IL FUMATORE NON SA ASPETTARE
La pubblicità, gli studi, gli articoli di stampa: c'è un bombardamento contro le sigarette e i fumatori, che vengono sommersi di informazioni sui possibili rischi per la salute. Gli studiosi, come evidenziato da un articolo del New York Times, hanno esaminato un campione di un centinaio di volontari, fumatori e no, e si sono avvalsi dell'Iowa gambling task, un test psicologico basato sul gioco d'azzardo, utilizzato per l’osservazione dei meccanismi decisionali della mente umana. Il test è stato modificato, con una versione finalizzata a esaminare la ricerca della soddisfazione immediata, evidenziando come la resistenza alla frustrazione e all'attesa sia nel fumatore molto compromessa. Chi fuma insomma non sa aspettare. Un'intuizione che potrebbe essere preziosa nel collaudare campagne di comunicazione più adeguate.

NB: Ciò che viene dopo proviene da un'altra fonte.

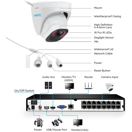 - 4K Ultra HD Videos: Reolink 8MP 3840 × 2160 cámara PoE ofrece casi cuatro veces la claridad de 1080p. Nuestro kit de cámara proporciona a los usuarios una visualización vívida, incluso cuando se hace un zoom digital. Se ha eliminado cualquier defecto o distorsión que haya encontrado antes, asegurándole una vista de la más alta calidad de sus alrededores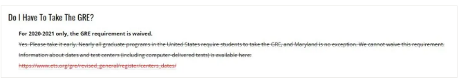 1. 受疫情影響,學校表示2021年秋季入學周期中申請者可以不提交GRE成績(之前說明GRE要求的地方也被劃線表示作廢)。

FOTO SCIOCCANTI SAREBBERO BUON DETERRENTE
Immagini shock stampate sui pacchetti di sigarette, cosa che non avviene in Italia, potrebbero essere un ottimo deterrente contro il fumo. Lo sostiene una ricerca dell'università La Sapienza di Roma. La maggioranza dei fumatori ammette che le scritte minacciose riducono la voglia di fumare e che questa scenderebbe ancora di più, se le parole fossero accompagnate dalle foto.

QUELLE IMMAGINI FANNO MALE ALLE DONNE
L'indagine, coordinata da Giuseppe la Torre del Dipartimento di Sanità Pubblica e Malattie Infettive – sezione di Igiene della Sapienza - aveva come obiettivo quello di capire quale fosse l'atteggiamento dei fumatori di fronte alle “avvertenze” di vario tipo sui pacchetti di sigarette. La maggioranza è risultata colpita dai testi e ancora di più dalle immagini. Per il il 47% degli intervistati, il mix di testi e foto darebbe in modo più efficace l'idea dei danni reali del fumo alla salute, mentre il 38% delle donne ha spiegato di essere portata a cambiare marca di sigarette per non vedere quelle immagini sconvolgenti.